Having been rooted to the bottom in four out of the last five years prior to Vowles’ arrival, the Grove-based squad is aiming to build on a promising 2023 season that saw it amass 28 points to clinch seventh in the standings.
While Vowles, who was appointed on the eve of the campaign, came in too late to influence the FW45, the Briton orchestrated the allocation of resources towards 2024.
Williams only introduced a sole upgrade in Canada, the seventh round of the year, resulting in a vastly improved AlphaTauri outfit almost pipping it in the closing rounds.
Vowles believes that decision will pay dividends in unlocking more downforce but also addressing the persistent behavioural traits that had regularly hampered its drivers.
“We’ve added downforce, but actually the main thing we’ve been working on is the behaviour and characteristics of the car,” Vowles told Autosport about the 2024 car.
“I think there’s quite an untapped potential in that, so we can move forward. How much is hard to say though.”
Despite the remarkable progress produced by Aston Martin and McLaren last season, Vowles is aware that replicating such headway will be no mean feat for Williams.

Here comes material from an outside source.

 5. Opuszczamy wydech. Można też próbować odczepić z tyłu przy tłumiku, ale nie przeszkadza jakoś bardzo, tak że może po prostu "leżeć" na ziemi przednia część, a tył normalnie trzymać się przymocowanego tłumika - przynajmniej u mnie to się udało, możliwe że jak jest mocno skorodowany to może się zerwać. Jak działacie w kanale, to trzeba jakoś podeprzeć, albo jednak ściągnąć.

Instead, the ex-Mercedes Strategy Director cites that he is preparing the team to optimise the upcoming reset to the technical rules when sizeable gains can be made.

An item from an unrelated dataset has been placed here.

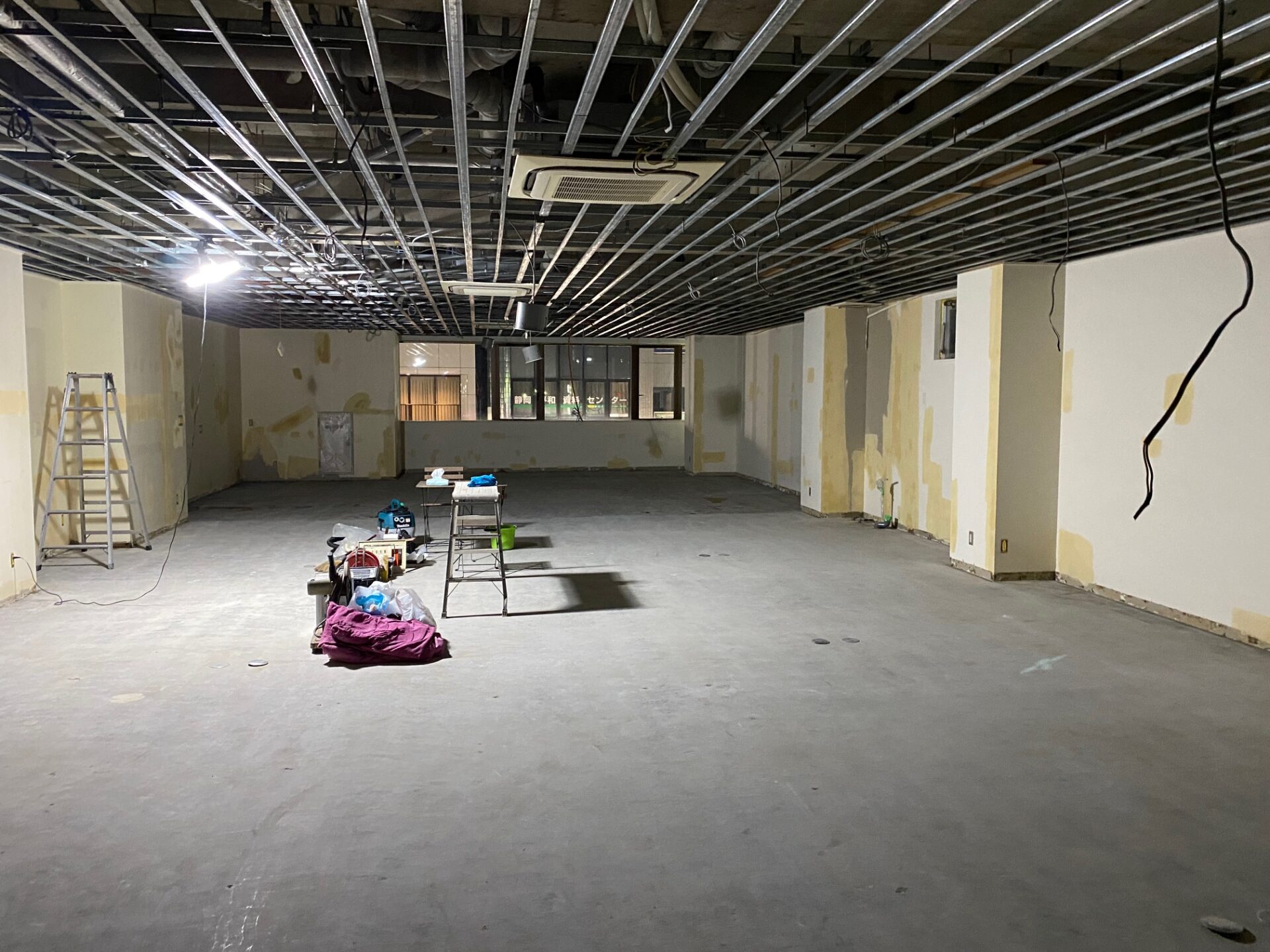 床はコンクリートを削ったままで、天井は軽天のままにしたりと

“I’m happy with the work we’re doing, but I bet you if you interview everyone up and down the grid they’ll go: ‘I’m happy with the work we’re doing.’ That normally tells you you’re going to maybe squeak forward a little bit, but that’s about it,” he acknowledged.

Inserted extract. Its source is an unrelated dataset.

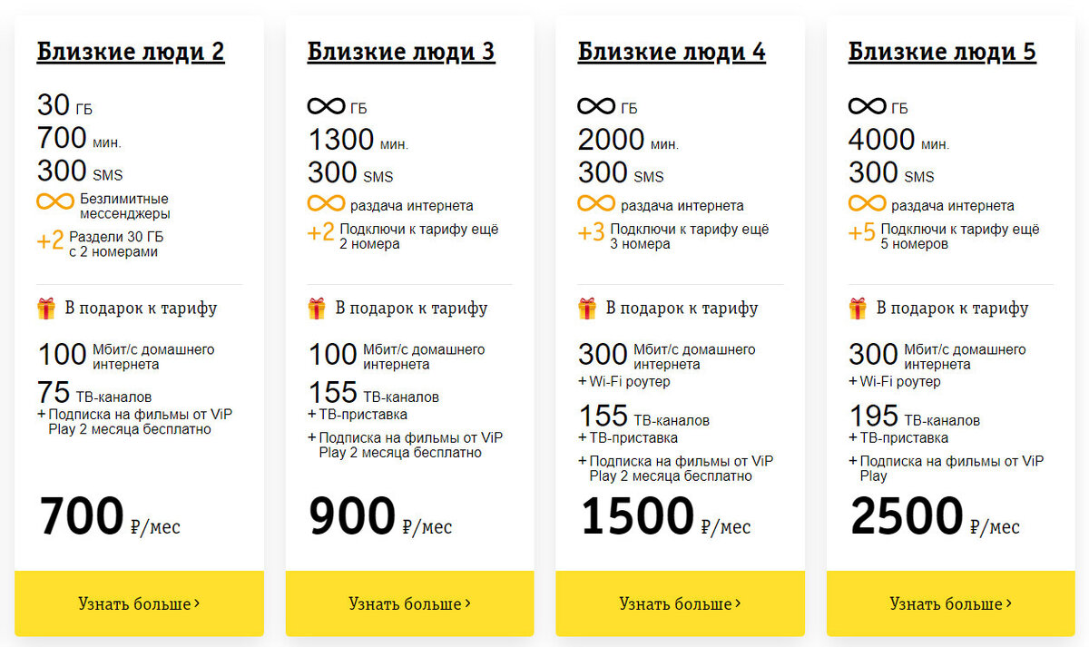 Прошлая линейка тарифов называлась «Семья». Видимо, такое название, по мнению маркетологов, чересчур ограничивало целевую аудиторию, так что теперь просто «Близкие люди». А этими близкими может быть кто угодно.

“The big steps really come with regulation change. 2026 will be the first opportunity for us to properly step forward.”
Vowles successfully combated F1’s rule-makers to relax CapEx spending for those at the backend of the grid as Williams endeavours to invest more in its facilities.
But while he has already altered things both on the track and away from it, Vowles insists that the rewards of those changes will only be properly reaped further down the line.
“You can get dragged in very quickly to what I call the weeds, where you look at a problem and then start digging through it,” he elucidated. “But that’s ‘short-termism’, to be honest, because that problem is already the result of other systems that are wrong to start with.
“Pretty much everything we’ve changed is bringing in infrastructure and bringing in people, and it will take a long time before the ripples are felt as a result of it.”